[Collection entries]
◇ ◇ ◇

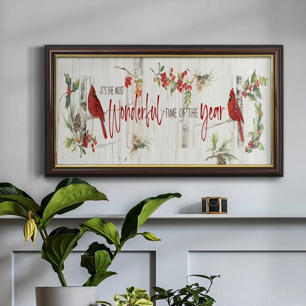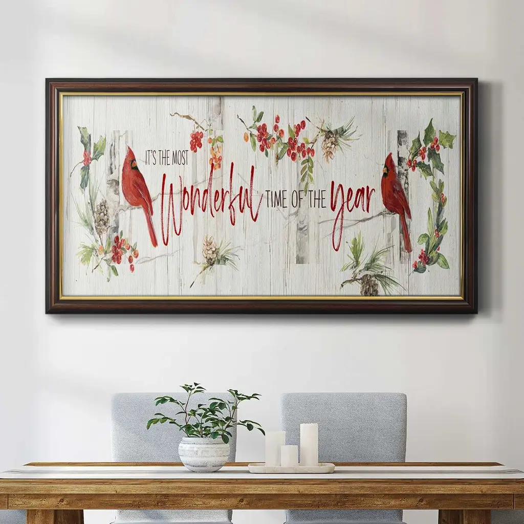 It's The Most Wonderful Premium Framed Canvas- Ready to Hang A Premium Framed Canvas created to last. Framed in distressed wood and available in an array of sizes and colors Featuring a beveled a solid wood stretcher bar, each piece comes ready to hand 3 SIZES AVAILABLE 21''X37'' - Overall Size 25''X45'' - Overall Size 29''x53'' - Overall Size Each piece is made to order. Each piece comes with hanging hardware. Made in the USA Ready to Hang Giclee Paper Print Acrylic Glass Beveled Matt Board
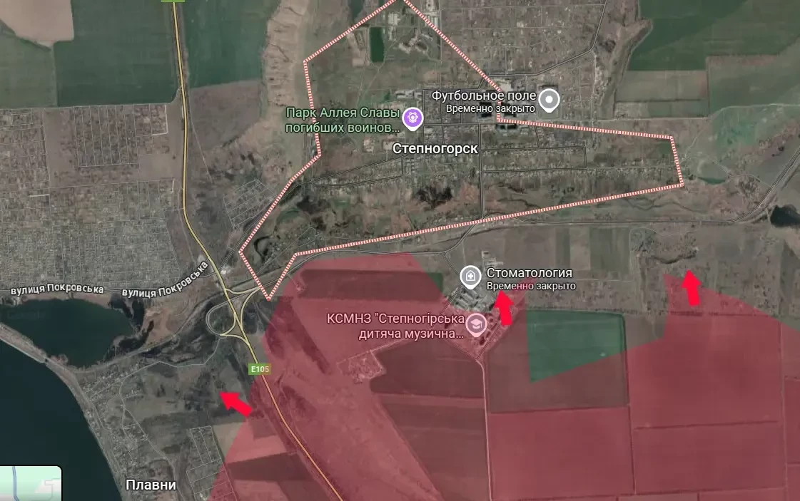 Бои идут восточнее третьего микрорайона Степногорска, где ранее ВСУ удалось отбить северную его (микрорайона) часть. Теперь противник с потерями отходит в основную часть города.
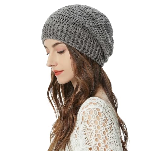 ZLYC Dam bomull virkad lös mössa hatt handgjord stickad sommar skalle keps, Vanlig grå, one size
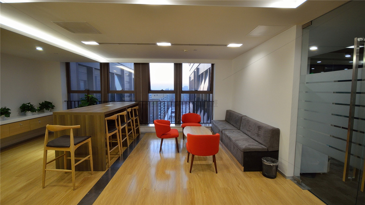 繽紛的休閑沙發&茶幾,配以原木色的吧臺。你可開啟一場有趣的聊天,或者欣賞窗外的綠色。員工也可以在這個區域里充分交流溝通,休息娛樂無限創意。
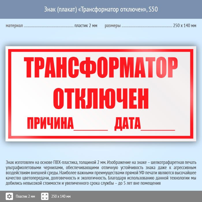 Знак (плакат) «Трансформатор отключен», S50 (пластик, 250х140 мм) в Сургуте купить

◇ ◇ ◇

_TASK TO COMPLETE_: No pictures should appear in the copy. Print exactly the lines above from the line containing "ZLYC Dam bomull" through the last line of the data.

_PROBLEM SOLUTION_:
 ZLYC Dam bomull virkad lös mössa hatt handgjord stickad sommar skalle keps, Vanlig grå, one size
 繽紛的休閑沙發&茶幾,配以原木色的吧臺。你可開啟一場有趣的聊天,或者欣賞窗外的綠色。員工也可以在這個區域里充分交流溝通,休息娛樂無限創意。
 Знак (плакат) «Трансформатор отключен», S50 (пластик, 250х140 мм) в Сургуте купить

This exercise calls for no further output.